**Work instructions**
Restate, word for word and with no pictures, the stretch of lines in the data below that begins at the line with "4. Apasă pe" and ends at the line with "Пара счастливых старших фермеров в саду", inclusive.

---- Given information

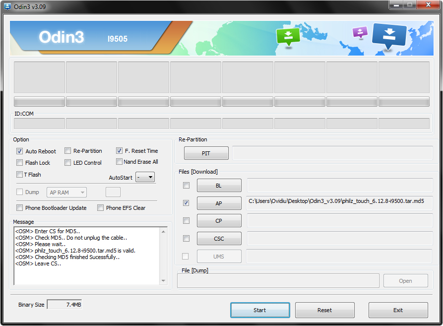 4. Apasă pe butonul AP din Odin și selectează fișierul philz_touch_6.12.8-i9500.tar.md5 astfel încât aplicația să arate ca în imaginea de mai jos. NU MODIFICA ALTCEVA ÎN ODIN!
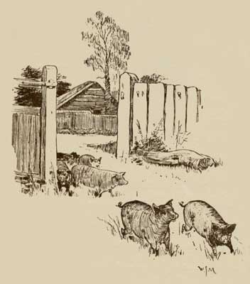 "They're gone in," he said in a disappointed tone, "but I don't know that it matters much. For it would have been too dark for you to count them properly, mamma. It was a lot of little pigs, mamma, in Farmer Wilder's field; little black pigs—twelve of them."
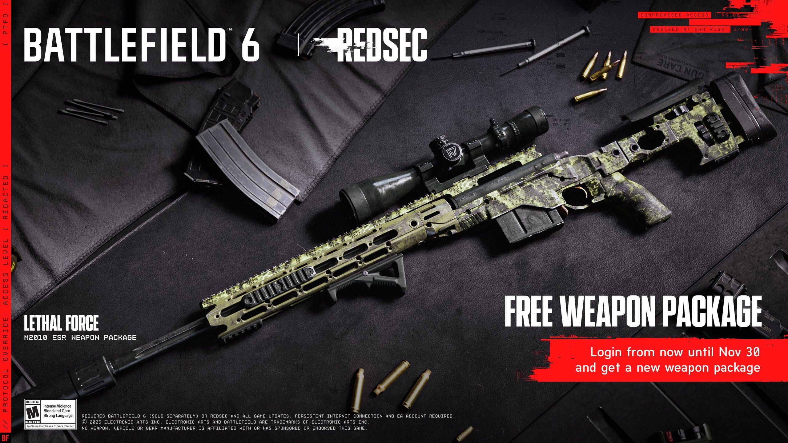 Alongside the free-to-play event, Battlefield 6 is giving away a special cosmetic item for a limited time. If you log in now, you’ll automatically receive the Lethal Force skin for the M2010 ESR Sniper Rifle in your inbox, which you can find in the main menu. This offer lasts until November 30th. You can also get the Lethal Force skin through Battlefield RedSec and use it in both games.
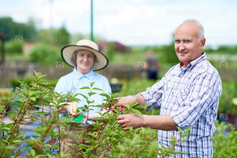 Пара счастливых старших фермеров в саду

--------
---- Given information

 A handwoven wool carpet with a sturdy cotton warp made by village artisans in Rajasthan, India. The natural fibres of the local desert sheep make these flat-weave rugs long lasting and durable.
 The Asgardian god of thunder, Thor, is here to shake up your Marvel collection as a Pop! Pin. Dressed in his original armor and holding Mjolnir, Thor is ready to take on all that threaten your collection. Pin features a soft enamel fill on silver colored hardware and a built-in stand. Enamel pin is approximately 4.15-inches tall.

--------

**Output for this exercise**
 4. Apasă pe butonul AP din Odin și selectează fișierul philz_touch_6.12.8-i9500.tar.md5 astfel încât aplicația să arate ca în imaginea de mai jos. NU MODIFICA ALTCEVA ÎN ODIN!
 "They're gone in," he said in a disappointed tone, "but I don't know that it matters much. For it would have been too dark for you to count them properly, mamma. It was a lot of little pigs, mamma, in Farmer Wilder's field; little black pigs—twelve of them."
 Alongside the free-to-play event, Battlefield 6 is giving away a special cosmetic item for a limited time. If you log in now, you’ll automatically receive the Lethal Force skin for the M2010 ESR Sniper Rifle in your inbox, which you can find in the main menu. This offer lasts until November 30th. You can also get the Lethal Force skin through Battlefield RedSec and use it in both games.
 Пара счастливых старших фермеров в саду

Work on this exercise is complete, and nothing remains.